I discovered it almost by accident three years ago when British designer Osman Yousefzada used a rich and (appropriately) Spanish furnishing brocade – straight out of a Velázquez portrait – in glistening black, gold and red for some irresistible cigarette pants. The fabric came from a 300-year-old mill that made brocade for French kings. The trousers are so sturdy they are virtually indestructible and don’t crease in a suitcase; I wear them still and they never pass without approving comment. Next came Osman’s monochrome and silver brocade bell-shaped skirt with an African trees motif and asymmetric hem – particularly covetable because it makes a historic fabric look so modern – and then Dries Van Noten’s geometrically cut skirt in two brocades that glimmer like stained-glass windows and brilliantly have no seam between the different patterns. I have worn each piece for work and for parties; they travel with me all year and never let me down.

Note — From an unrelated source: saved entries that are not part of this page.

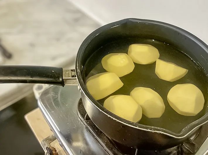 ジャガイモがかぶるくらいのたっぷりの水を使い、必ず水からゆで始めます
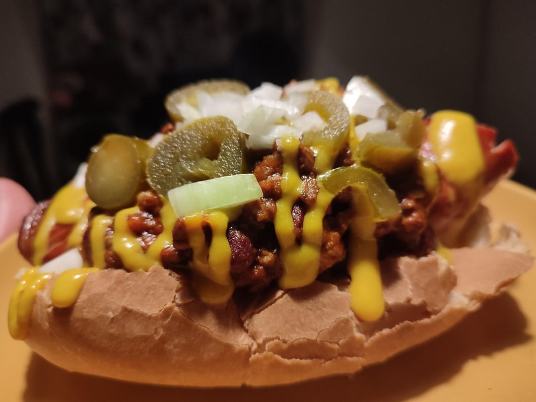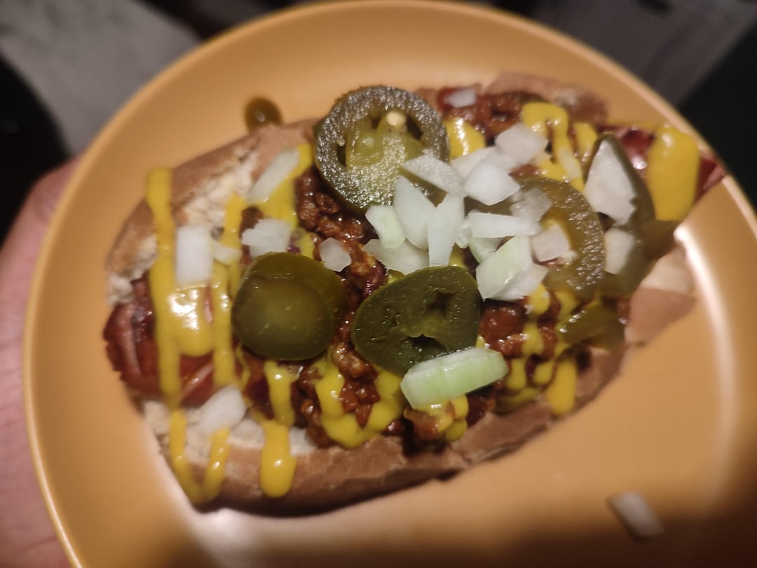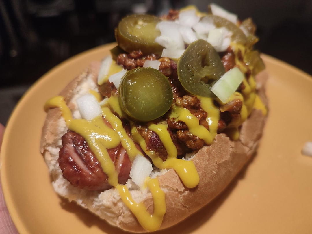 Matteson’s smoked sausage chilli dog using leftover chilli
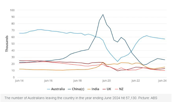 数据显示,2023-2024年间,22.1万澳洲人永久搬离本国,比前一年增长了8%。
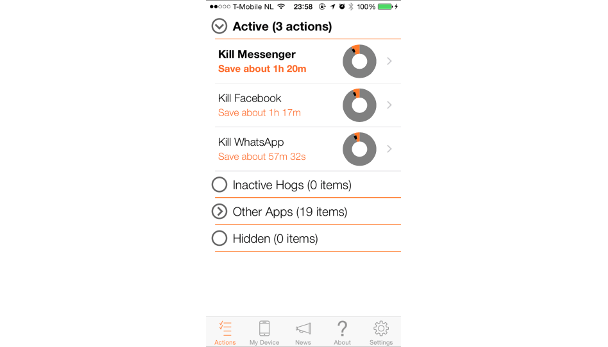 Druk op Active en je ziet niet alleen om welke apps het gaat, maar ook hoeveel tijd aan batterij je bespaart als je de apps afsluit (of ze verbiedt om informatie op de achtergrond te downloaden). Zo zie je in ons voorbeeld dat het afsluiten van Facebook Messenger, Facebook en WhatsApp al snel 3 uur en 40 minuten aan tijdswinst oplevert. Best schokkend. Het tabblad Other Apps toont je de apps die niet actief zijn, maar die ook bekend staan om het 'hoggen' oftewel, het leegslurpen van je batterij.
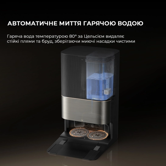 Получите чистый пол благодаря системе автоматической очистки насадок. Горячая вода температурой 80 градусов по Цельсию удаляет стойкие пятна и жир, сохраняя моющие насадки свежими и готовыми к следующей уборке. Встроенный ингибитор накипи предотвращает ее накопление, обеспечивая длительную работу и защиту пылесоса.

This versatility might surprise sceptics who associate brocade with historical styles and eveningwear. “Brocade allows for great pattern, texture and colour especially in winter collections where you want layering, rich colour combinations and fine detail,” says designer Matthew Williamson. “You can tell a story through this fabric.” Chenille embellished with antique gold thread sounds very dressy, but in the shape of Williamson’s faintly 1970s-inspired parkas (£1,795) and narrow trousers (£425) it has a relaxed, go-anywhere glamour.
“Brocade trousers have become iconic,” says Osman. “You can wear them with a cashmere sweater for work and add earrings for the evening. And while a brocade jacket may have 1970s overtones, just add jeans to make a contemporary statement.” Antonio Berardi agrees: “Brocade trousers can be dressed down with a plain white poplin shirt or maxed up to the nines.” He uses richly multicoloured brocade, both for impeccable tailoring (trouser suit, £2,160) and in panels mixed with colour-blocked fabrics for modern evening dresses (from £1,800). “It doesn’t crease easily either because of the amount of threads used to create the design.”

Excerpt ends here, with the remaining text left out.